Quanto à agricultura, Mao criticou o sistema de entregas obrigatórias de cereais ao Estado, na União Soviética, porque se açambarcava uma quantidade exagerada da produção e pagavam preços muito baixos. Isso prejudicava os que trabalhavam no campo e cortava o estímulo para o aumento da produção.
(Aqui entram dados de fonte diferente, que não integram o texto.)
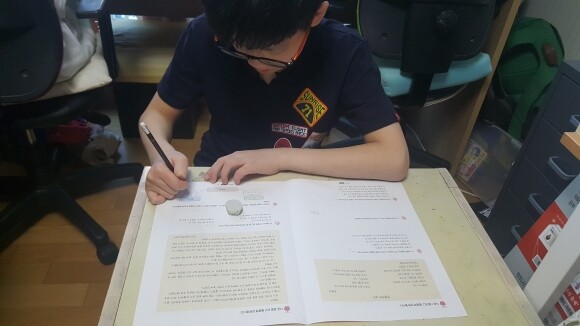 매일 다 풀어놓고 제게 채점해달라고 건네면서 하는 말이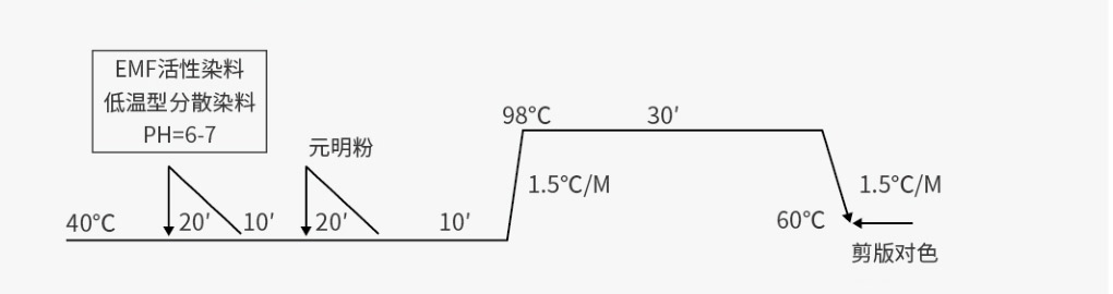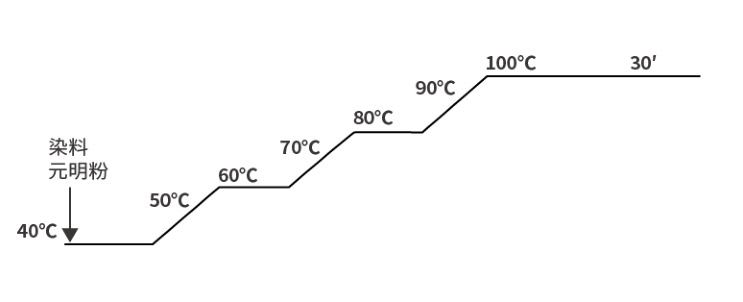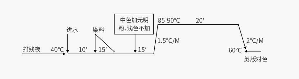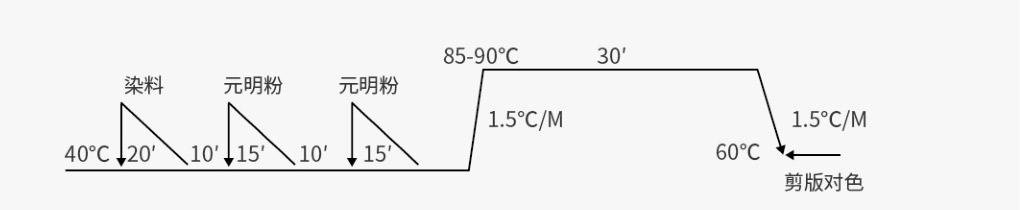 Note: Depending on the equipment, the process needs to be adjusted. This process is suitable for overflow, steam liquid, steam flow equipment dyeing.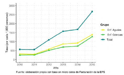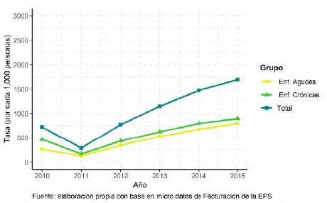 La tasa de utilización de servicios por enfermedades agudas es mayor a la tasa de utilización por enfermedades crónicas. En la Figura 1, se observa que durante 2014-2015 hubo un fuerte incremento de la utilización de servicios derivados de enfermedades agudas, principalmente por traumas y enfermedades osteomusculares. Por su parte, la tasa de utilización de servicios crónicos es explicado fundamentalmente por la enfermedad cardiovascular.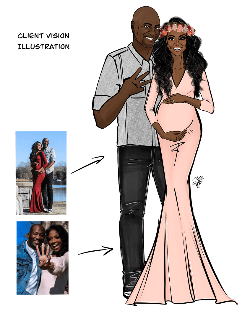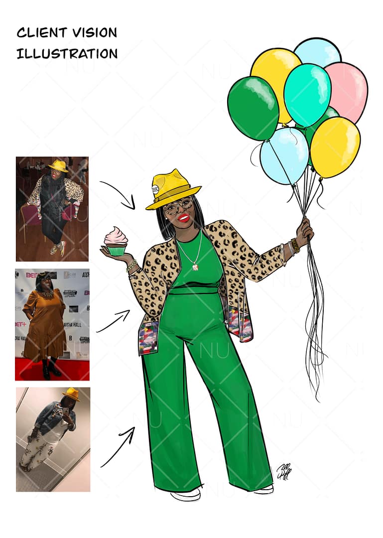 Have an idea of what you want (like an illustration in a designer dress, surrounded by balloons, or in a particular pose) but no reference photos? No problem! With this listing, we will discuss your vision, use our imaginations and come up with the perfect representation of you!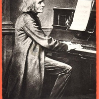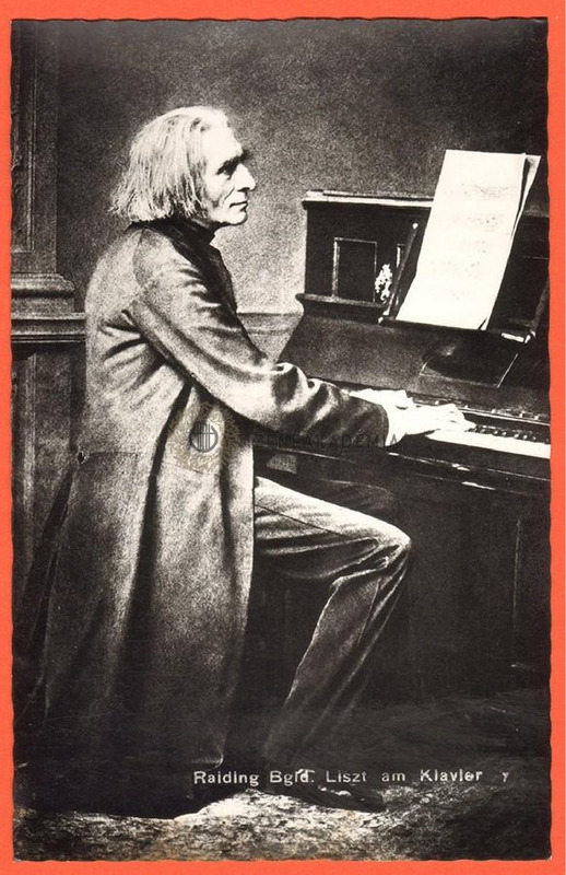 A középkorú Liszt hosszú kabátban pianínón játszik, előtte kottalap. Franz Hanfstaengl eredeti képének modern sokszorosítása. A fénykép alján nyomtatott felirat: "Raiding Bgld. Liszt am Klavier".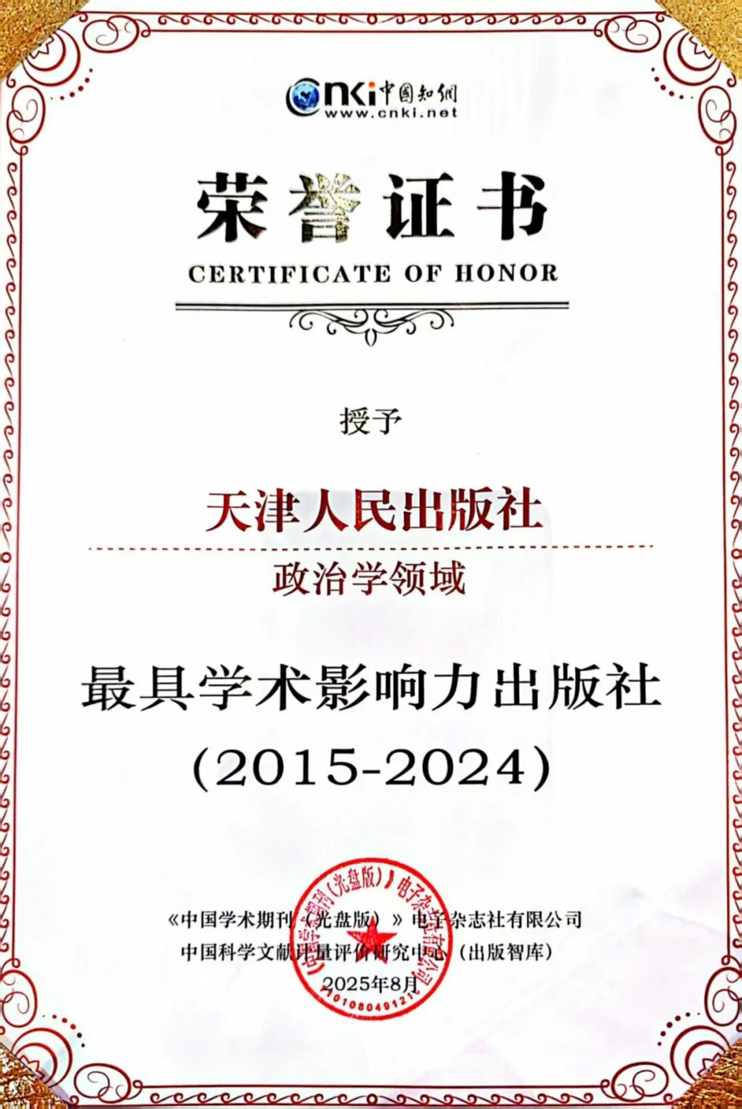 天津人民出版社入选政治学领域最具学术影响力出版社(2015—2024)、地方人民出版社学术影响力TOP10(2015—2024)。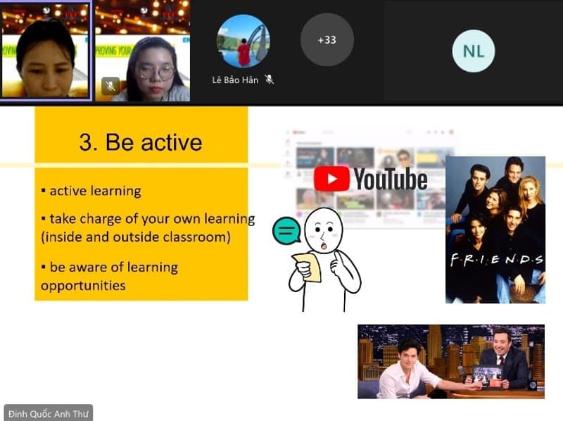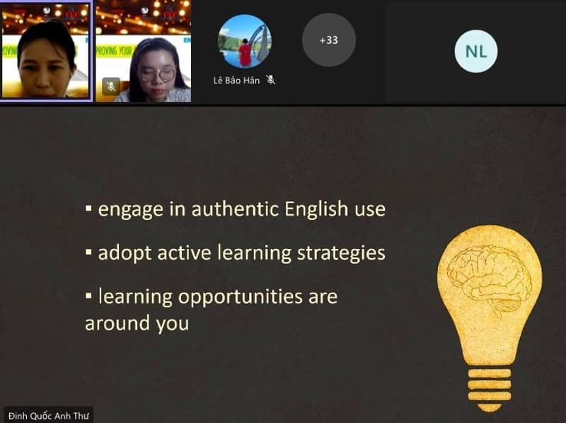 Theo đó, cô Thư đã hướng dẫn các bạn cách giải quyết thích hợp cho từng vấn đề, điều quan trọng hơn hết khi học giao tiếp tiếng Anh là các bạn phải tự tin, tích cực và thật sự yêu thích. Từ đó, tìm ra những phương pháp học hiệu quả như học cùng bạn bè, học qua âm nhạc, video, phim ảnh, thực hành nhiều hơn, tận dụng mọi cơ hội học tập không chỉ ở trong lớp học,...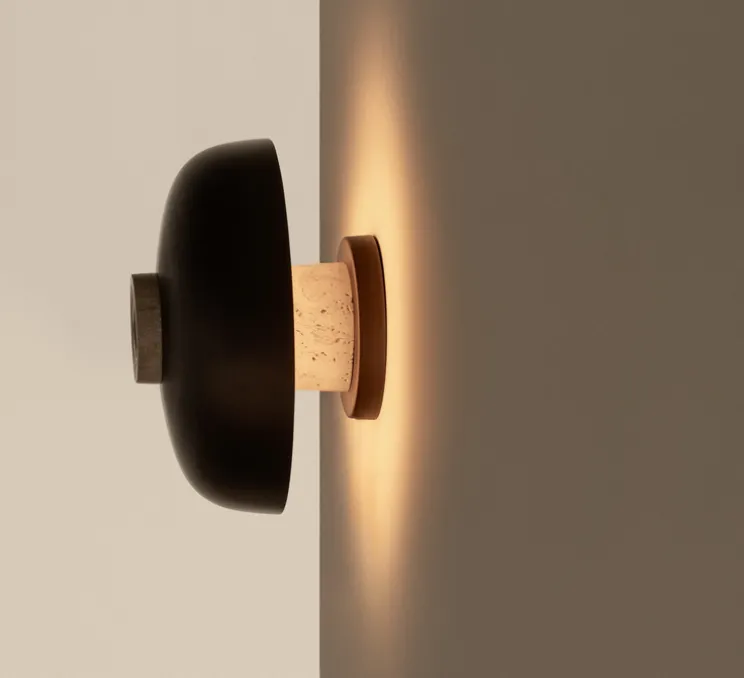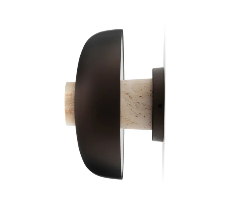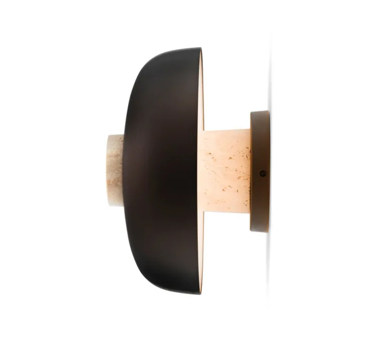 Son support conique en travertin non traité met en valeur les irrégularités naturelles de la pierre, tandis que son abat-jour incurvé en aluminium bronzé anodisé offre un contraste raffiné. L’éclairage doux et tamisé se prête parfaitement à une installation dans un salon, un couloir ou une chambre, seul ou en composition murale. Grâce à son design intemporel, elle s’intègre aussi bien dans un intérieur moderne que dans une décoration plus classique.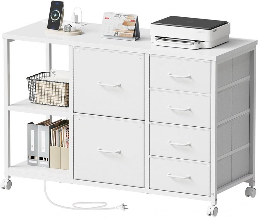MAIHAIL 6 Drawer File Cabinet with Charging Station - 15.6" x 39.3" x 25.1" - WHITE (MODEL: SZ901)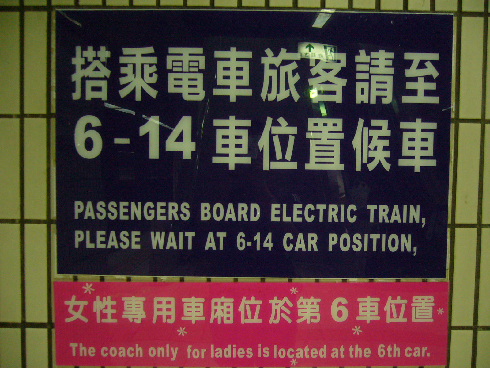 타이완 철도 관리국(TRA)은 2006년 6월부터 타이베이시 부근 전동차에 여성 전용 차량을 설치했지만, 남성 차별이라는 반대 의견으로 약 3개월 만에 폐지되었다.[65][66]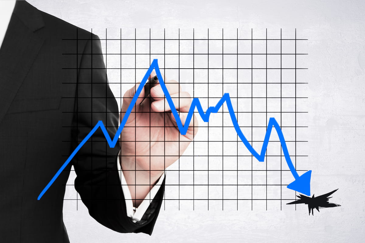 Foto/Divulgação: https://br.freepik.com/fotos-premium/close-up-de-um-empresario-desenhando-a-mao-um-abstrato-para-baixo-caindo-em-um-buraco-grafico-de-negocios-com-esboco-de-flecha-na-grade-e-fundo-de-parede-de-concreto-conceito-de-crise-financeira-e-para-baixo_233562347.htm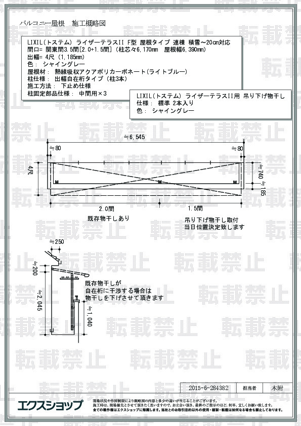 この度は、ライザーテラスII F型 屋根タイプ 連棟の施工をご依頼頂きまして、誠に有り難うございます。雨や鳥の糞から洗濯物をお守りしますので、バルコニーを有効に活用して頂けますかと存じます。また熱線吸収アクアポリカーボネート(ライトブルー)の屋根が直射日光や紫外線を遮り、真夏の家事も快適に行って頂けます。今後も弊社は、エクステリアの施工を通しまして、お客様にゆとりある暮らしづくりのご提案をさせて頂きます。またの機会がございましたら、是非お気軽にエクスショップにご用命下さいますよう、宜しくお願い申し上げます。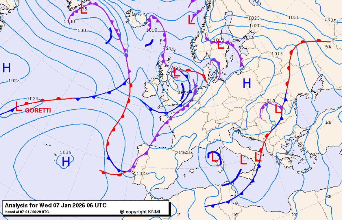 Een lagedrukgebied trekt op 7 januari vanaf Schotland geleidelijk zuidoostwaarts. Het bijbehorende koufront bereikt de Nederlandse kust aan het einde van de nacht en trekt in de ochtend en middag oostwaarts over Nederland. Het koufront zorgt voor veel sneeuw. Daarnaast zorgt het lagedrukgebied ook voor veel wind, waardoor het zicht plaatselijk slecht is en de sneeuw kan opwaaien tot sneeuwduinen. Ook na het koufront trekken er nog enkele sneeuwbuien over.

Na China, ao contrário, deveria haver uma política favorável, simultaneamente, aos interesses estatais e dos camponeses: imposto agrícola baixo, intercâmbio com valores equivalentes ou quase equivalentes dos produtos industriais e agrícolas; preços normais na aquisição dos cereais para estoques, sem perdas para camponeses etc. Deveriam ser adotadas medidas absolutamente óbvias sobre as cooperativas: porcentagens apropriadas (o que é apropriada) das porcentagens das rendas entre Estado,

cooperativa e camponeses; a preservação dos recursos para a produção, administração e bem- estar público; evitar perdas na gestão dos gastos; não exagerar nos volumes dos fundos de acumulação coletiva e de bem-estar público. Além disso, propôs-se que as rendas de 90% dos membros da cooperativa fossem aumentadas a cada ano, a depender da ausência de problemas climáticos e do incremento da produção.

Sobre as relações entre as autoridades centrais e locais, Mao (1977b, p. 317-320) repisou noções extremamente genéricas. É evidente que deveria haver cooperação entre os níveis de governo no desenvolvimento da indústria (com maiores responsabilidades do governo central) e da agricultura e comé rcio (com mais atribuições para as autoridades locais). Assim, propôs que os Ministérios escutassem as autoridades locais, em vez de imporem suas ordens aos seus correspondentes departamentos provinciais e municipais. Embora o poder legislativo fosse uma instância centralizada, as autoridades locais poderiam elaborar normas e regulamentos, respeitando as diretivas centrais. Voltando-se para os interesses do país, a ‘luta por poderes’ não era divisionista, nem expressão de localismo. As relações entre as autoridades centrais e locais e entre as próprias instâncias locais (províncias e municípios) seriam presididas pelo princípio do interesse geral, da ajuda mútua e das concessões recíprocas.

Em 1957, Mao (2003c, p. 83) reconheceu que, nas empresas mistas (estatal e privadas) da indústria e do comércio, havia exploração do trabalho e os capitalistas associados recebiam dividendos. Mantinha-se, como semi-socialista, uma parte das cooperativas agrícolas e das cooperativas de produção manufatureira. A parte socia lista era composta por unidades de produção que tinham a propriedade de todo o povo e a propriedade coletiva. Havia imperfeição nas relações de produção. Manifestava-se a simultaneidade de consonância, em algumas partes, em certos setores, e contradição, em outras partes, em outros setores, entre as relações de produção e as forças produtivas.